* [Task to carry out]
Could you repeat, exactly and with no pictures, only the lines from the start of the records through the line containing "Badezimmer: Die beiden"?

* [Excerpted records]
· · · ·

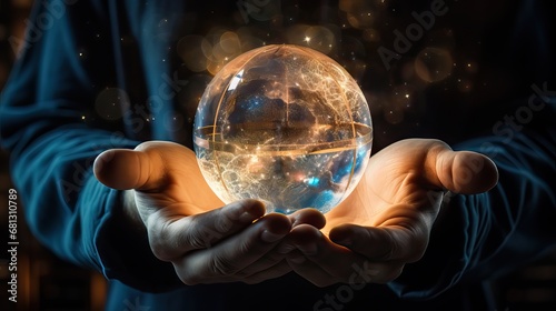 The hands of a businessman holding a world illuminated on its continents, Generative AI.
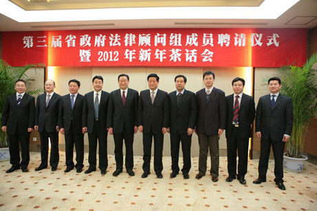 1月15日,陕西省第三届省政府法律顾问组成员聘请仪式暨2012年新年茶话会在西安召开,半岛体育(中国)官方网站半岛体育(中国)官方网站院长单文华教授被聘请为顾问组7名成员之一。
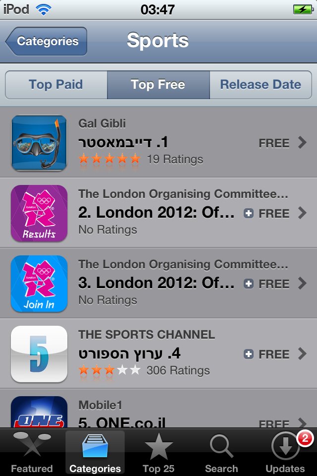 מקום ראשון באפליקציות החינמיות בקטגורית "ספורט" ב Appstore
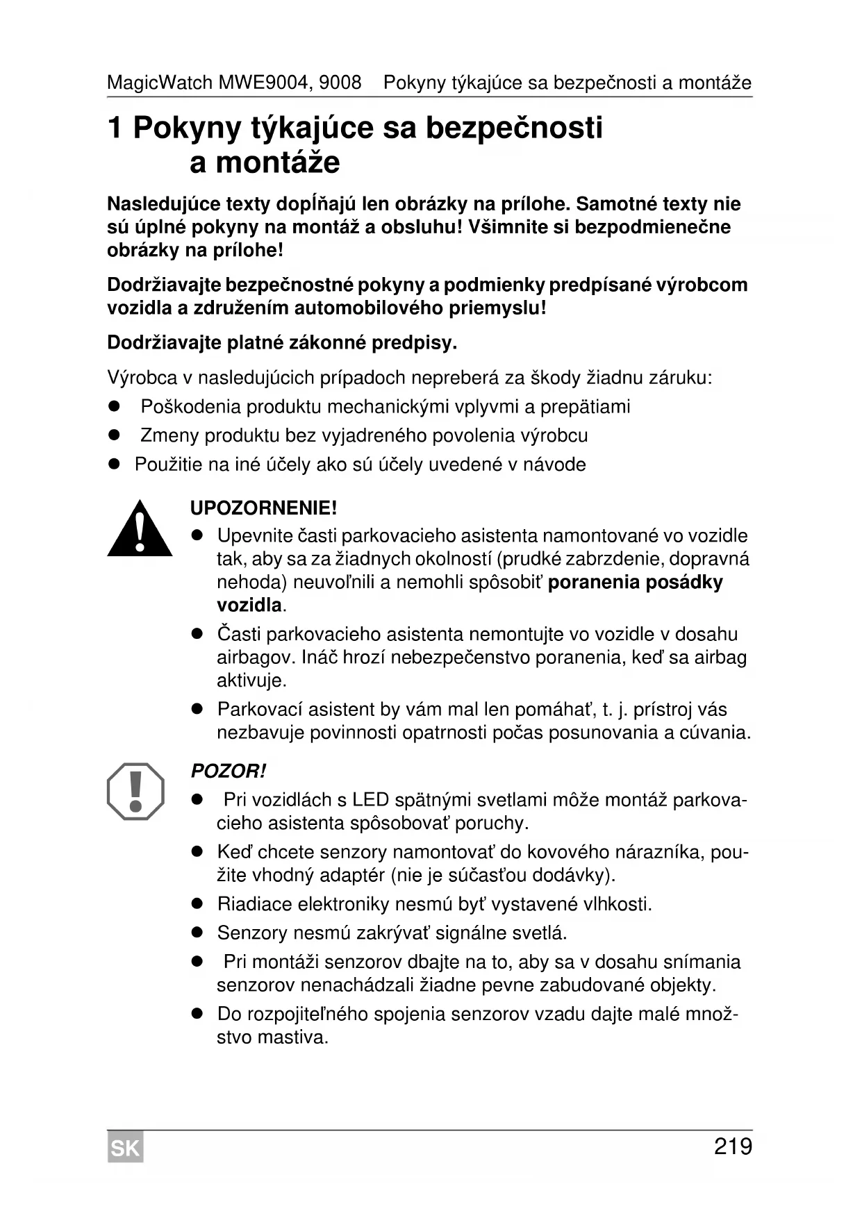 UPOZORNENIE! Upevnite časti parkovacieho asistenta namontované vo vozidle tak, aby sa za žiadnych okolností (prudké zabrzdenie, dopravná nehoda) neuvoľnili a nemohli spôsobiť poranenia posádky vozidla. Časti parkovacieho asistenta nemontujte vo vozidle v dosahu airbagov. Ináč hrozí nebezpečenstvo poranenia, keď sa airbag aktivuje. Parkovací asistent by vám mal len pomáhať, t. j. prístroj vás nezbavuje povinnosti opatrnosti počas posunovania a cúvania.
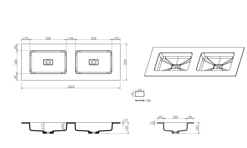 - Габариты (ШхВхГ): 1410х157х520 мм..
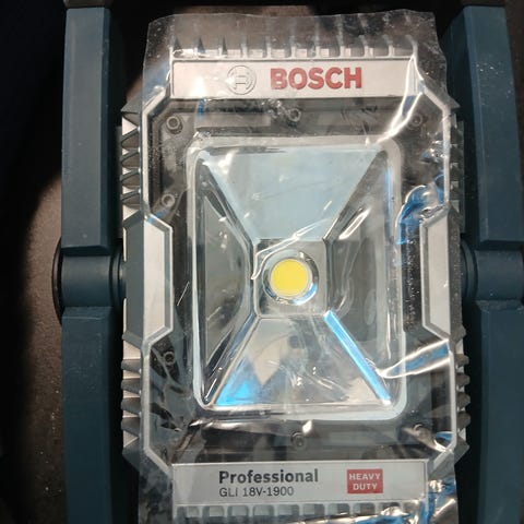 Kraftig og solid LED-arbeidslampe kompatibel med alle Blå Bosch 18V-batterier.
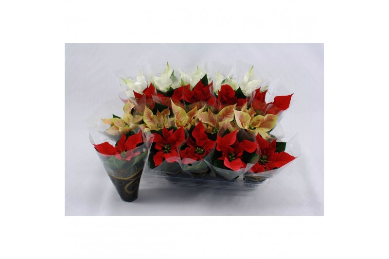 Euphorbia pul. mix Poinsettia Mix 6cm met Hoes1 bl.
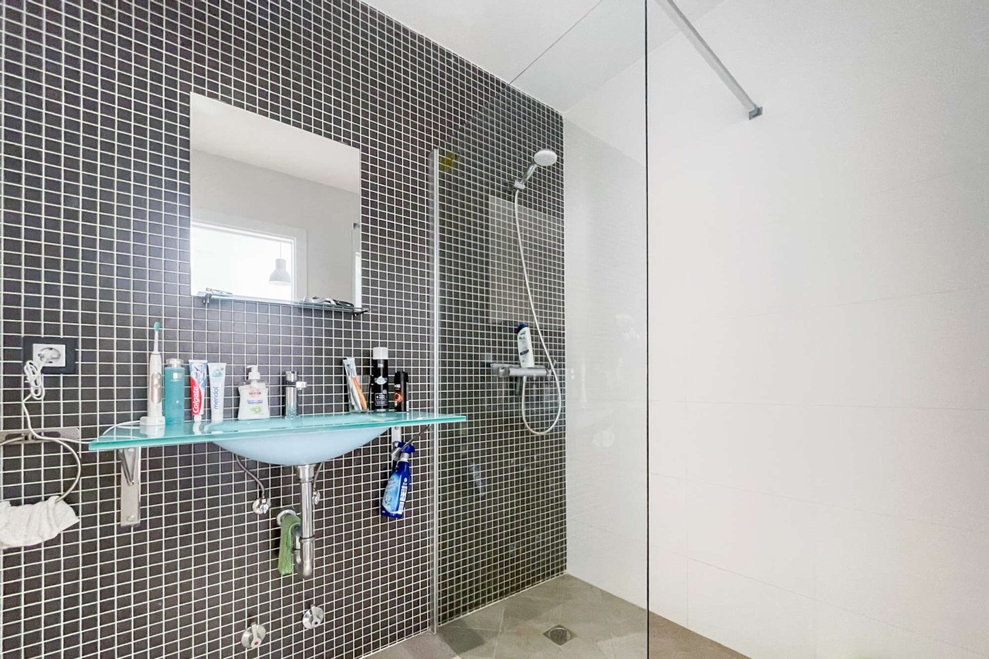 Badezimmer: Die beiden Badezimmer im Obergeschoss sind mit begehbaren, großen Duschen ausgestattet und bieten höchsten Komfort und eine moderne, stilvolle Gestaltung. Im Erdgeschoss befindet sich zusätzlich ein Gäste-WC.
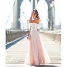 Questo abito lungo da cerimonia è la scelta perfetta per matrimoni, eventi o serate chic. Il corpetto in pizzo bianco ricamato si abbina delicatamente alla gonna rosa cipria in chiffon, creando un contrasto femminile e sofisticato. Leggero, arioso e con una silhouette fluida che dona grazia ad ogni passo.
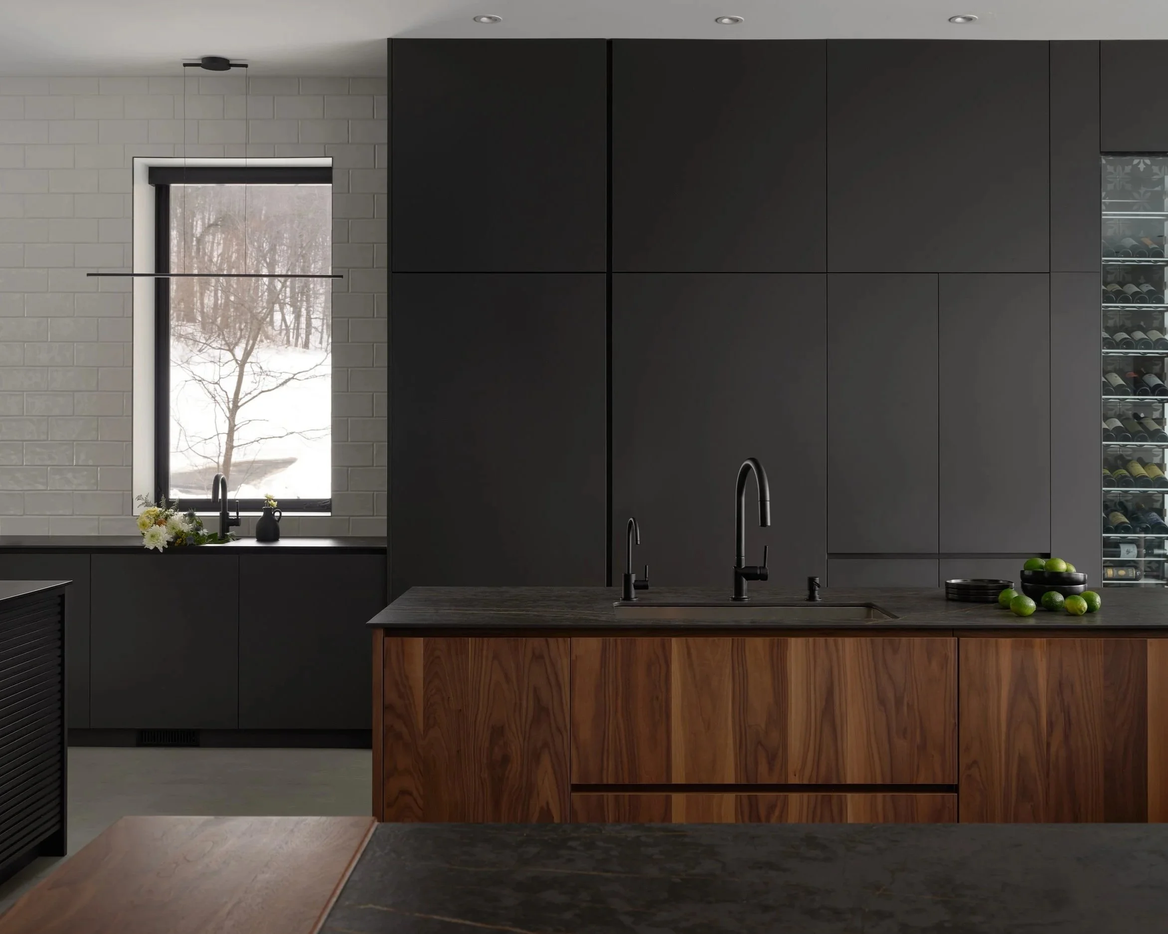 Cette cuisine unique est au cœur d’une maison unifamiliale spectaculaire nouvellement construite par la firme d’architecte Garnier Villeneuve. Le point focal de cette demeure est l’espace cuisine, situé au centre de la maison, conçu dans une volumétrie sur deux étages de façon à créer une zone distincte avec les pièces en périphéries. La cuisine a été imaginée en deux aires fonctionnelles complètement indépendantes.
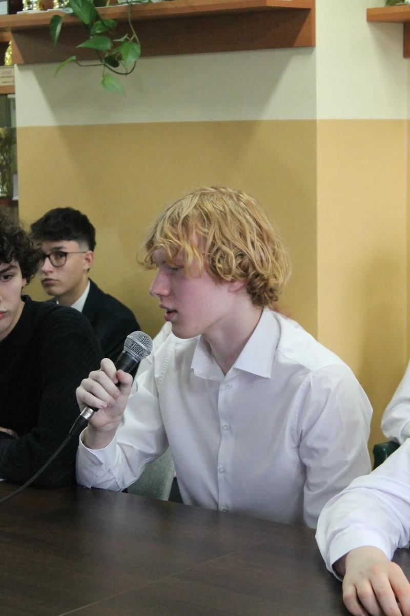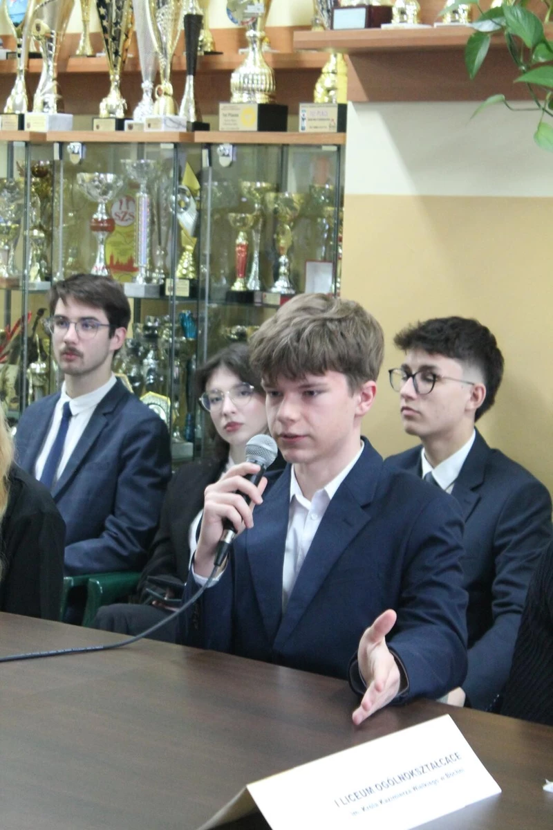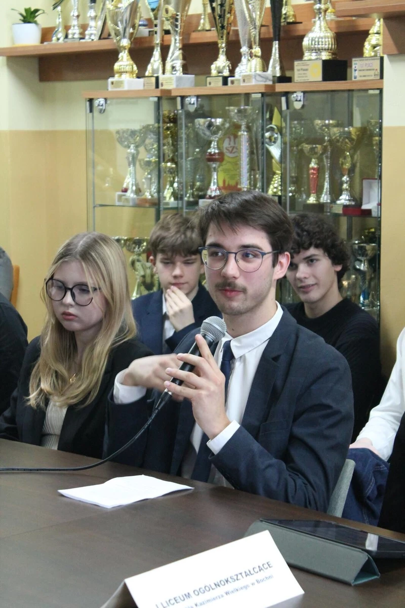 Uczniowie naszej szkoły wzięli udział w debacie "Młodzi o współczesnej edukacji". W spotkaniu uczestniczyli uczniowie wszystkich szkół ponadpodstawowych Powiatu Bocheńskiego, a nasze liceum reprezentowali: Aleksandra Kłosowska z klasy 4i, Eryk Bobowski z klasy 4b oraz uczniowie klasy 3b: Kajetan Chyla, Miłosz Gnyla, Dawid Kołodziej, Piotr Legutek, Zuzanna Pudełko, Bartosz Szydłowski i Stanisław Trojak.
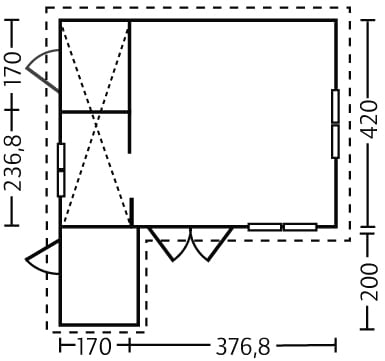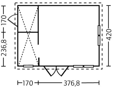- Höhe Seitenwand: 236 cm, Höhe Orom: 325 cm
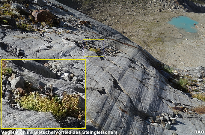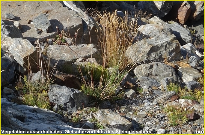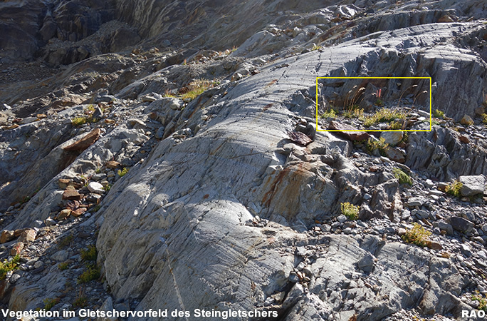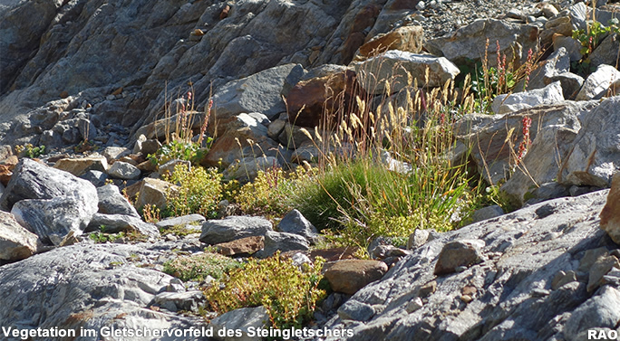 Zu den Glazialfächen im Gletschervorfeld gehören Moränenschutt- und Felsflächen im Bereich der Grundmoränen sowie an den meist steilen Hängen auf beiden Talseiten. Die noch nicht sehr lange eisfreien Flächen scheinen vegetationlos. Auf den stark den Erosionskräften ausgesetzten Schutt- und Felsflächen wird allerdings langsam, aber stetig von Pionierpflanzen besiedelt. Auf stabileren Flächen vermag sich mit einsetzender Bodenbildung eine dünne und verletzliche Vegetationsdecke zu bilden. Neben den Pionierpflanzen wachsen mit der Zeit auch Arten aus Pflanzengesellschaften, die ausserhalb der Gletschervorfelder gedeihen.
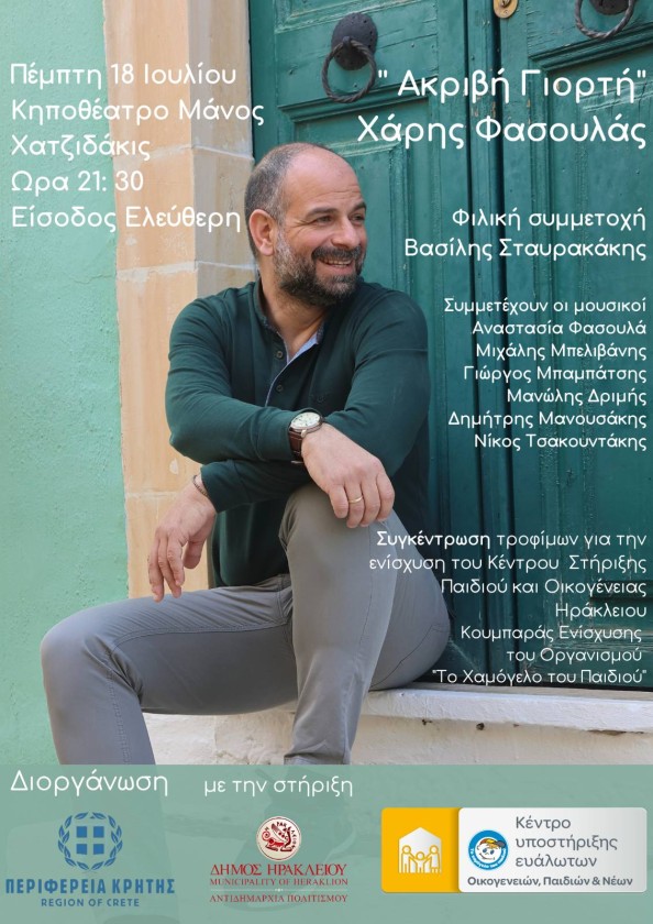 Σας προσκαλούμε στη μεγάλη συναυλία Κρητικής Μουσικής με τον Χάρη Φασουλά και την ευγενική φιλική συμμετοχή του Βασίλη Σταυρακάκη.

· · · ·

* [Answer to this problem]
 The hands of a businessman holding a world illuminated on its continents, Generative AI.
 1月15日,陕西省第三届省政府法律顾问组成员聘请仪式暨2012年新年茶话会在西安召开,半岛体育(中国)官方网站半岛体育(中国)官方网站院长单文华教授被聘请为顾问组7名成员之一。
 מקום ראשון באפליקציות החינמיות בקטגורית "ספורט" ב Appstore
 UPOZORNENIE! Upevnite časti parkovacieho asistenta namontované vo vozidle tak, aby sa za žiadnych okolností (prudké zabrzdenie, dopravná nehoda) neuvoľnili a nemohli spôsobiť poranenia posádky vozidla. Časti parkovacieho asistenta nemontujte vo vozidle v dosahu airbagov. Ináč hrozí nebezpečenstvo poranenia, keď sa airbag aktivuje. Parkovací asistent by vám mal len pomáhať, t. j. prístroj vás nezbavuje povinnosti opatrnosti počas posunovania a cúvania.
 - Габариты (ШхВхГ): 1410х157х520 мм..
 Kraftig og solid LED-arbeidslampe kompatibel med alle Blå Bosch 18V-batterier.
 Euphorbia pul. mix Poinsettia Mix 6cm met Hoes1 bl.
 Badezimmer: Die beiden Badezimmer im Obergeschoss sind mit begehbaren, großen Duschen ausgestattet und bieten höchsten Komfort und eine moderne, stilvolle Gestaltung. Im Erdgeschoss befindet sich zusätzlich ein Gäste-WC.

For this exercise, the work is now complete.